Excerpted data: Begin

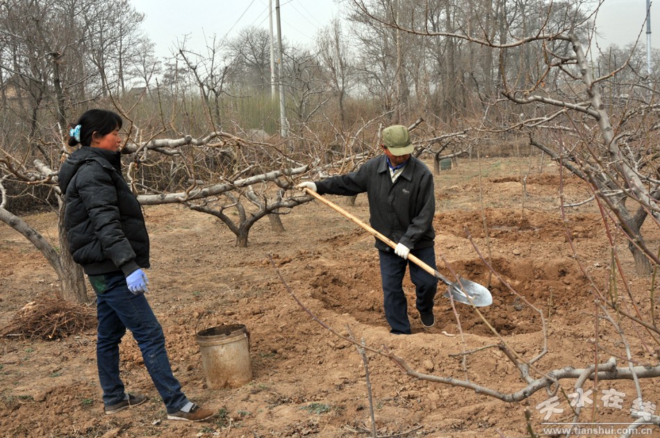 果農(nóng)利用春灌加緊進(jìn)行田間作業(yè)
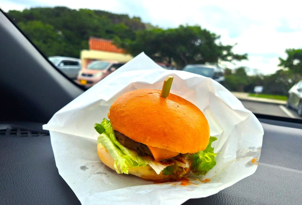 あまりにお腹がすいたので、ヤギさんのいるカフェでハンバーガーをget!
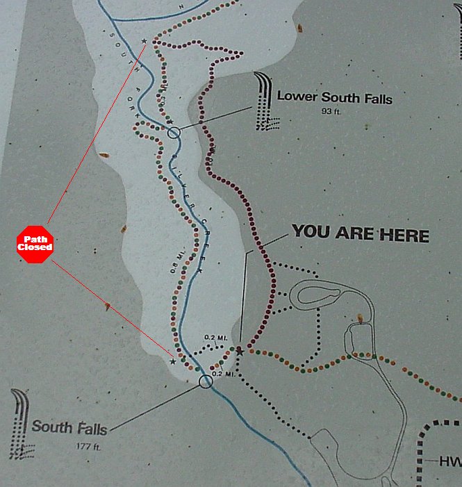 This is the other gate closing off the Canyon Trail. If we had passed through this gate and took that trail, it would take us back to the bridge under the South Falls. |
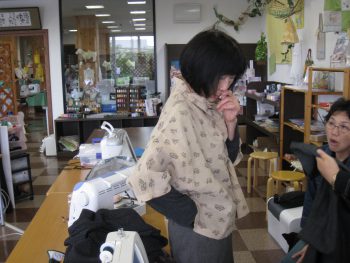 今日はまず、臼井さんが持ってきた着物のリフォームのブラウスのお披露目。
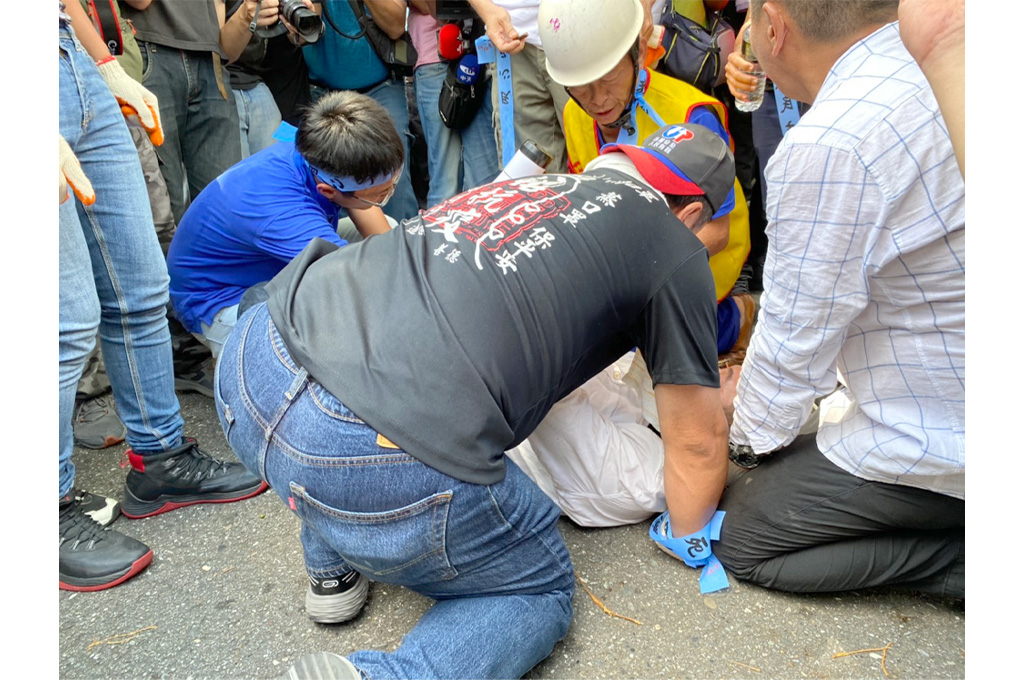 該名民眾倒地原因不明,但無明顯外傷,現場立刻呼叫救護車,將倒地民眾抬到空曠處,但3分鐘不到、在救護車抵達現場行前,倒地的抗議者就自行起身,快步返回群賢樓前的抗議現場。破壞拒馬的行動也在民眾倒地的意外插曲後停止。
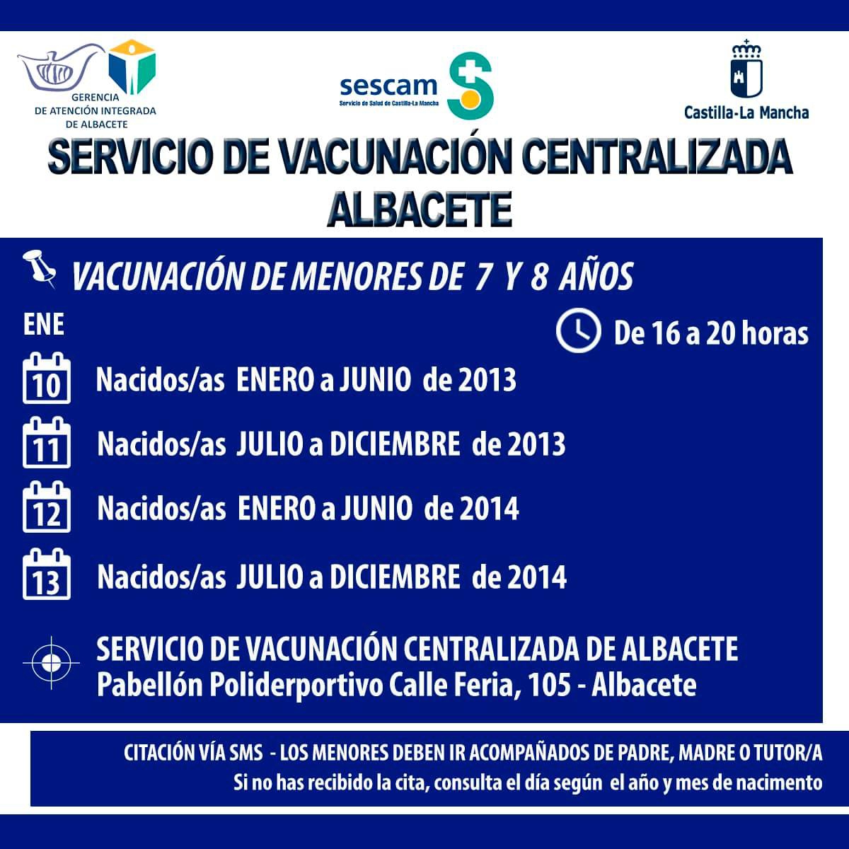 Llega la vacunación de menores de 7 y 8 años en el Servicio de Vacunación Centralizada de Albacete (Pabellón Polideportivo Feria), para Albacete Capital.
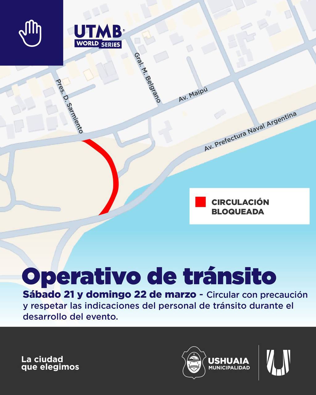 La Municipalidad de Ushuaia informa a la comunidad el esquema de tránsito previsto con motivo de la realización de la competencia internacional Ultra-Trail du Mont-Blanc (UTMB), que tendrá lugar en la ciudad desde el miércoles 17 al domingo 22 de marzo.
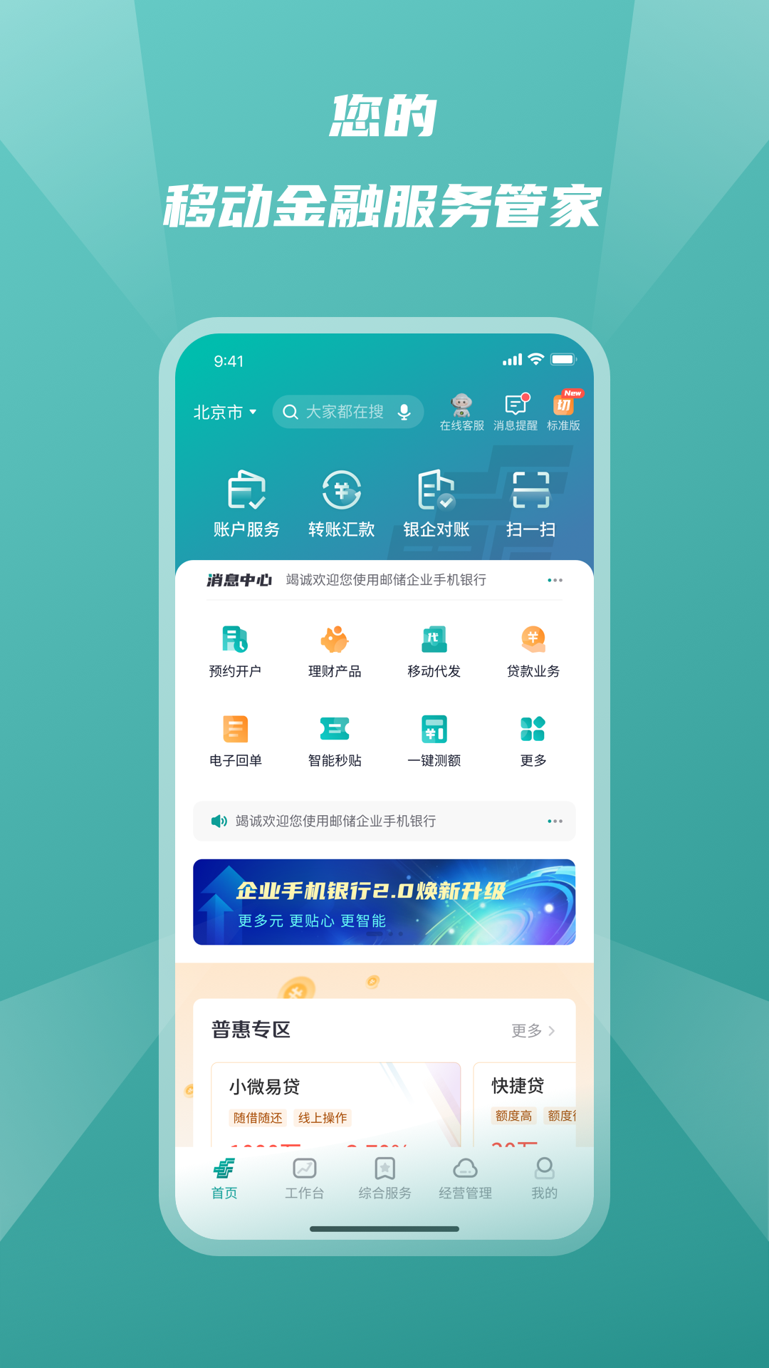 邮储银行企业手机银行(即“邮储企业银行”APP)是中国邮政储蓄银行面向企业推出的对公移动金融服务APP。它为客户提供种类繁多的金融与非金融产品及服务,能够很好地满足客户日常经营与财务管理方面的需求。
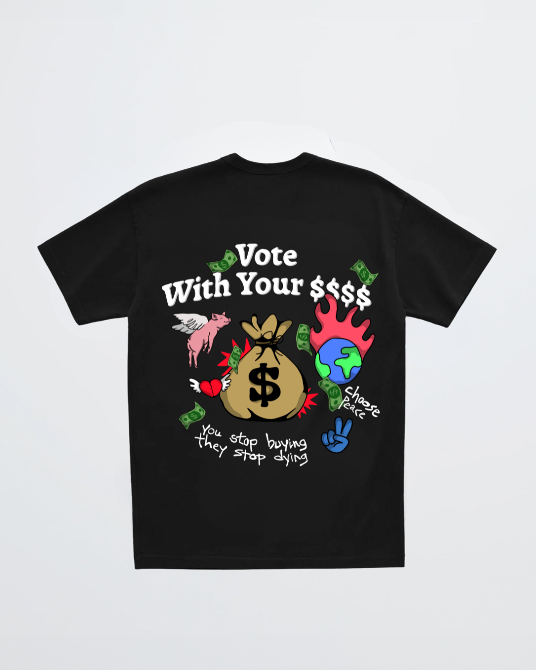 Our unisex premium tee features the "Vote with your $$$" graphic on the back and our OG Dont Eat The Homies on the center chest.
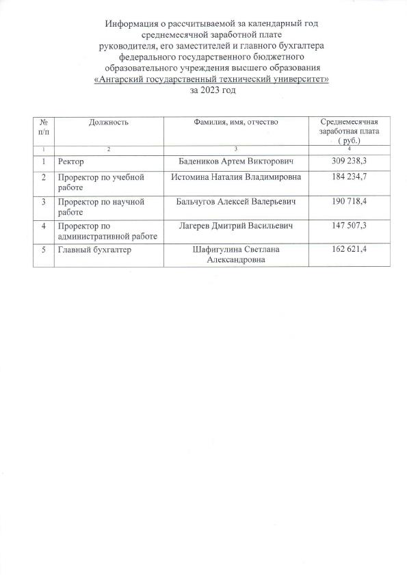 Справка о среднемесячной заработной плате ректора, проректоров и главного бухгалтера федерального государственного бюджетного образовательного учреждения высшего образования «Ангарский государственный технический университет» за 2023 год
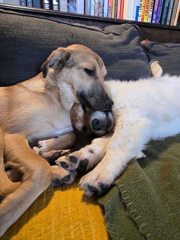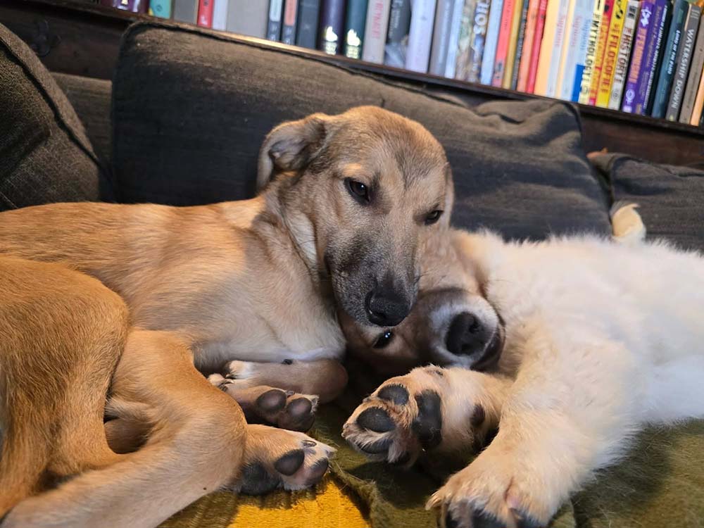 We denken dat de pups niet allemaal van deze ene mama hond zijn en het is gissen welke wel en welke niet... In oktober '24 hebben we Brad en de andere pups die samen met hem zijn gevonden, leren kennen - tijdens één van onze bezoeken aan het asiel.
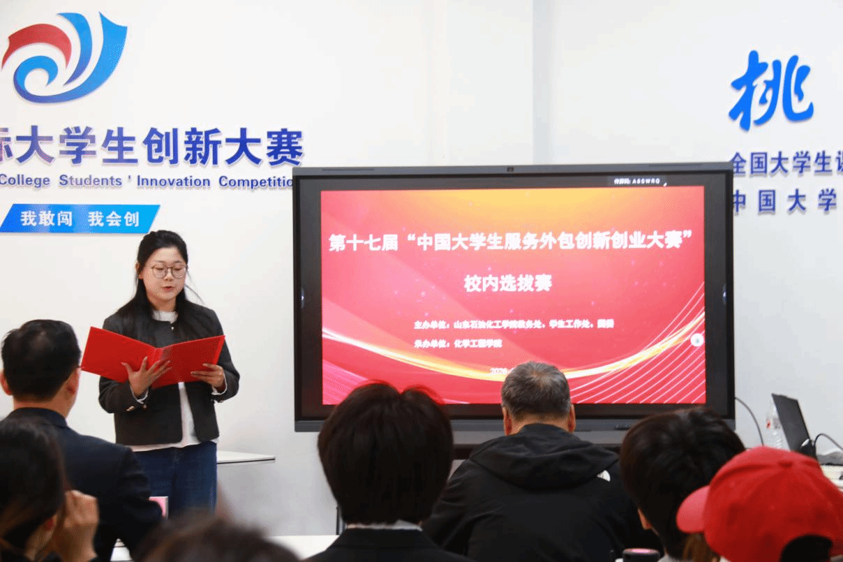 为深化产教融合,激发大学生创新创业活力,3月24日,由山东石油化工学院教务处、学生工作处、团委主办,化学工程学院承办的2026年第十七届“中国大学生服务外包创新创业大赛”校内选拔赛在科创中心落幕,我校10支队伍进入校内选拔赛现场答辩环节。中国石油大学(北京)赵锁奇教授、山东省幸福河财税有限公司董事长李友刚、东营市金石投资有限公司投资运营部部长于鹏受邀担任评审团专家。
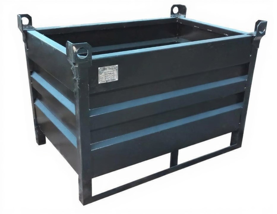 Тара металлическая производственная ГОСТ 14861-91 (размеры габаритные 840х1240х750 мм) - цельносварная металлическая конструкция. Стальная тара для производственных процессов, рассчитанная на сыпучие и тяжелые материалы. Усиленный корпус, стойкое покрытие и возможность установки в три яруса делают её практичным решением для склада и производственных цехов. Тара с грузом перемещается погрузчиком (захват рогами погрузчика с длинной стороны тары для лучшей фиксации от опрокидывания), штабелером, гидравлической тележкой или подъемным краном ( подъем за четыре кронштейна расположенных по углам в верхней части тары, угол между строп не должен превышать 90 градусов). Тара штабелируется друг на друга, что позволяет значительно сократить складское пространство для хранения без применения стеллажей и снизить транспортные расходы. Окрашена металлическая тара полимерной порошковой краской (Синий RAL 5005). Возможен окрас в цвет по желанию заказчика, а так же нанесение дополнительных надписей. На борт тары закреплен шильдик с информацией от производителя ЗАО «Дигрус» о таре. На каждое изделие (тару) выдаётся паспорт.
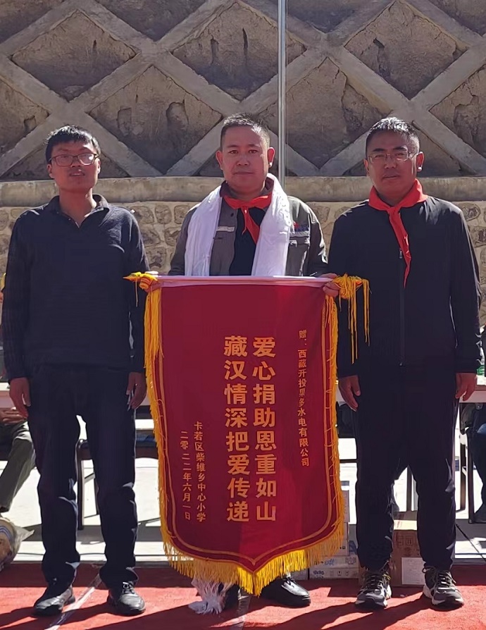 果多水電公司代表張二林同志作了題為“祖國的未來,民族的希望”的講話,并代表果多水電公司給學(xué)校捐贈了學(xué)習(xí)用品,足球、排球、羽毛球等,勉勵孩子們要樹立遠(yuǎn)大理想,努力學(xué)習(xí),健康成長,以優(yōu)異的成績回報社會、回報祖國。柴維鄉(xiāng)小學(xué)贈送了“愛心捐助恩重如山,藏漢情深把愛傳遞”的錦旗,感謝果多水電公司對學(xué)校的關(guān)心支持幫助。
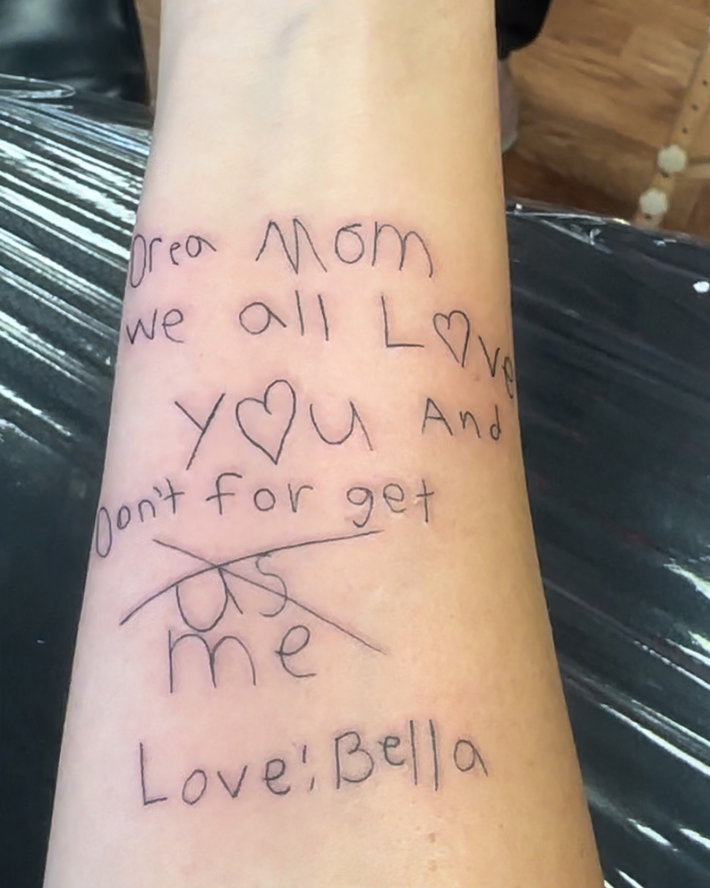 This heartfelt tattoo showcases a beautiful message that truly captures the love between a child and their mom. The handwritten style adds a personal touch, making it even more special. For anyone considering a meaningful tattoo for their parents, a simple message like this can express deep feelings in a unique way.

Excerpted data: End

What needs to be done
Leaving every picture behind, retype the entries above exactly, from the first line through the line with "Справка о среднемесячной", and stop there.

Expected answer
 果農(nóng)利用春灌加緊進(jìn)行田間作業(yè)
 あまりにお腹がすいたので、ヤギさんのいるカフェでハンバーガーをget!
 This is the other gate closing off the Canyon Trail. If we had passed through this gate and took that trail, it would take us back to the bridge under the South Falls. |
 今日はまず、臼井さんが持ってきた着物のリフォームのブラウスのお披露目。
 該名民眾倒地原因不明,但無明顯外傷,現場立刻呼叫救護車,將倒地民眾抬到空曠處,但3分鐘不到、在救護車抵達現場行前,倒地的抗議者就自行起身,快步返回群賢樓前的抗議現場。破壞拒馬的行動也在民眾倒地的意外插曲後停止。
 Llega la vacunación de menores de 7 y 8 años en el Servicio de Vacunación Centralizada de Albacete (Pabellón Polideportivo Feria), para Albacete Capital.
 La Municipalidad de Ushuaia informa a la comunidad el esquema de tránsito previsto con motivo de la realización de la competencia internacional Ultra-Trail du Mont-Blanc (UTMB), que tendrá lugar en la ciudad desde el miércoles 17 al domingo 22 de marzo.
 邮储银行企业手机银行(即“邮储企业银行”APP)是中国邮政储蓄银行面向企业推出的对公移动金融服务APP。它为客户提供种类繁多的金融与非金融产品及服务,能够很好地满足客户日常经营与财务管理方面的需求。
 Our unisex premium tee features the "Vote with your $$$" graphic on the back and our OG Dont Eat The Homies on the center chest.
 Справка о среднемесячной заработной плате ректора, проректоров и главного бухгалтера федерального государственного бюджетного образовательного учреждения высшего образования «Ангарский государственный технический университет» за 2023 год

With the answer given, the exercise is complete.